# TASK REQUIREMENTS
Some of the lines below need repeating. Reproduce exactly those between the lines holding "Land Aircraft Carrier" and "数学科学学院宋晓平作为带队教", inclusive.

# THE RECORDS
------------------------

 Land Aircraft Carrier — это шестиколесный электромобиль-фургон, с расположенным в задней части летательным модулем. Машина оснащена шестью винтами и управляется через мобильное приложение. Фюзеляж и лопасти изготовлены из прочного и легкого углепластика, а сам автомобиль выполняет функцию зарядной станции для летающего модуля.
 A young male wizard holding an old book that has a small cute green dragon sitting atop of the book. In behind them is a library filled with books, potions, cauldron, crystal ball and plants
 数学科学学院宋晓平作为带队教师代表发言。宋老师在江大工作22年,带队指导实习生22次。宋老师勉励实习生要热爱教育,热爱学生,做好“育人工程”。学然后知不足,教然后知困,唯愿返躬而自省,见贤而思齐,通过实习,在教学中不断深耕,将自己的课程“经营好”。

------------------------

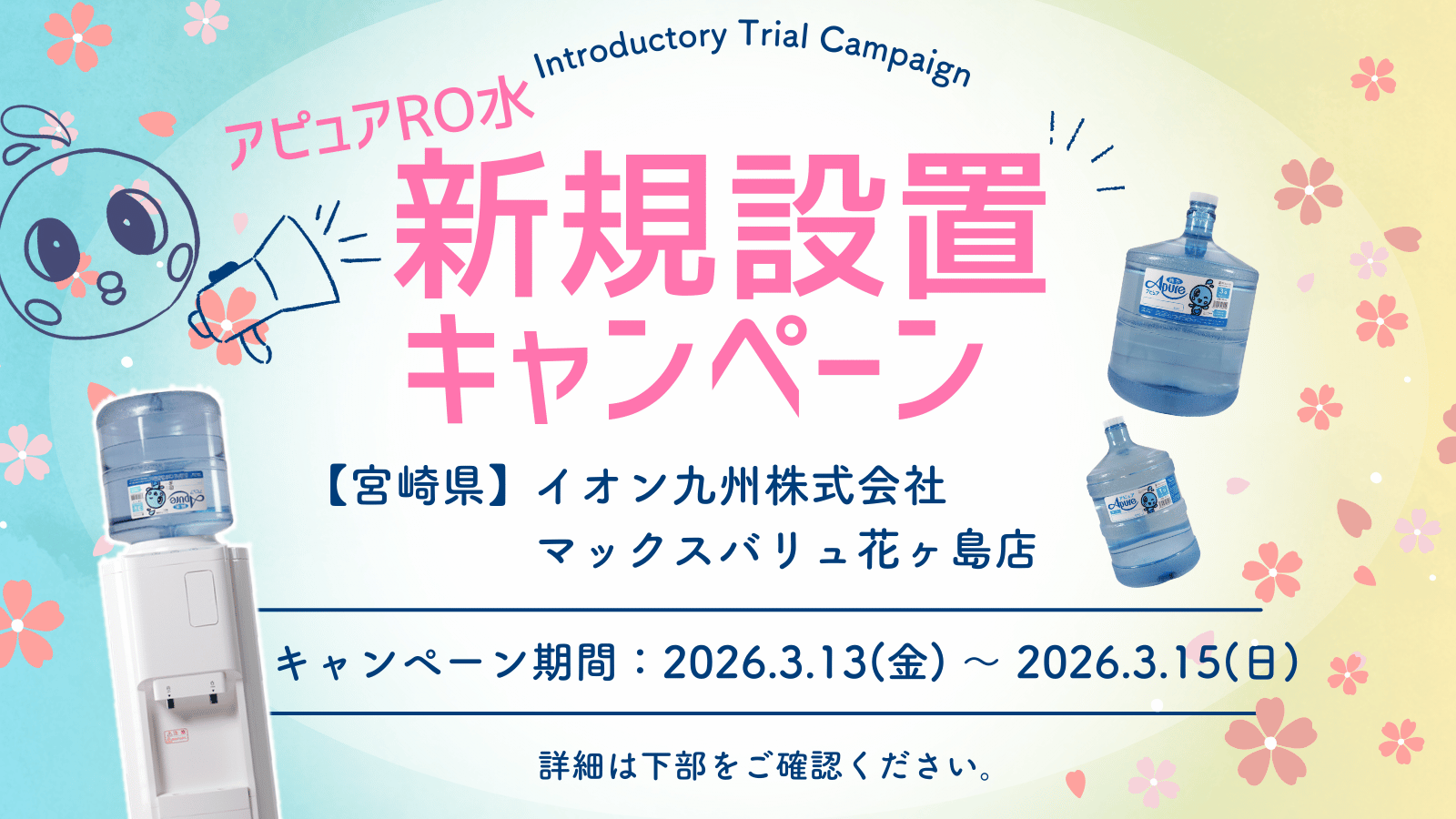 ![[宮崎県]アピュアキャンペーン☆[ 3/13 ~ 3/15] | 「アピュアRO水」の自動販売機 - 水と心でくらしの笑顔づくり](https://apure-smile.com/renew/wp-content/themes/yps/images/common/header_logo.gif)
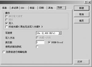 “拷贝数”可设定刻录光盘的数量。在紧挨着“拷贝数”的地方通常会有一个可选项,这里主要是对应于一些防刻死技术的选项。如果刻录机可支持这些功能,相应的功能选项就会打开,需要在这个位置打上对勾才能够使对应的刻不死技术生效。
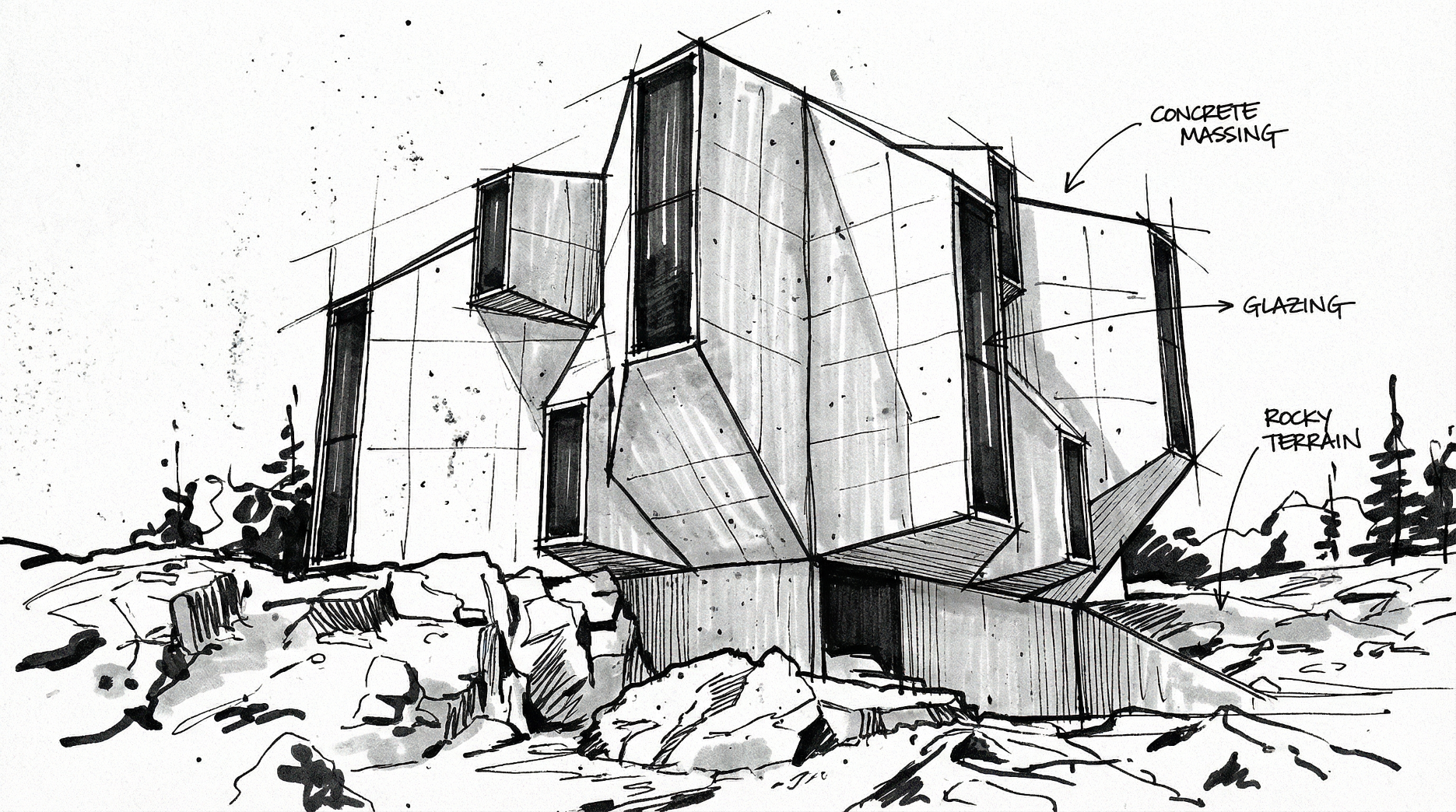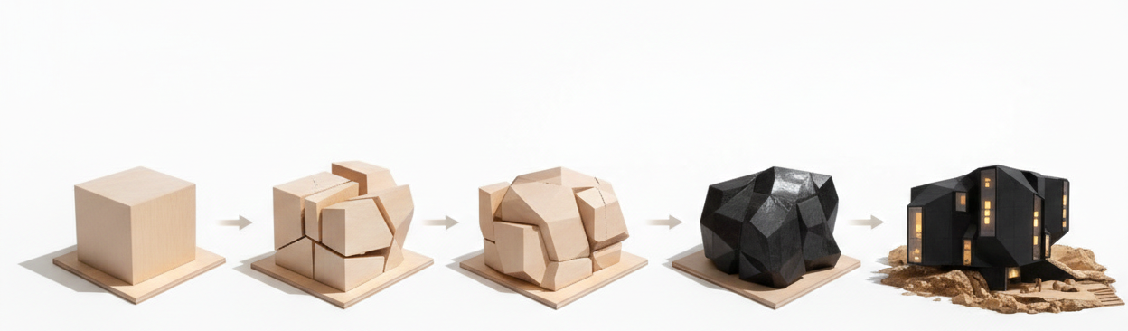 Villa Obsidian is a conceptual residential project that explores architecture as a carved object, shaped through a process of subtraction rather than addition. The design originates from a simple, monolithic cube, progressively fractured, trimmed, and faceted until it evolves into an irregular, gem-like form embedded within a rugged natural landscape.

------------------------

# WRITTEN ANSWER
 Land Aircraft Carrier — это шестиколесный электромобиль-фургон, с расположенным в задней части летательным модулем. Машина оснащена шестью винтами и управляется через мобильное приложение. Фюзеляж и лопасти изготовлены из прочного и легкого углепластика, а сам автомобиль выполняет функцию зарядной станции для летающего модуля.
 A young male wizard holding an old book that has a small cute green dragon sitting atop of the book. In behind them is a library filled with books, potions, cauldron, crystal ball and plants
 数学科学学院宋晓平作为带队教师代表发言。宋老师在江大工作22年,带队指导实习生22次。宋老师勉励实习生要热爱教育,热爱学生,做好“育人工程”。学然后知不足,教然后知困,唯愿返躬而自省,见贤而思齐,通过实习,在教学中不断深耕,将自己的课程“经营好”。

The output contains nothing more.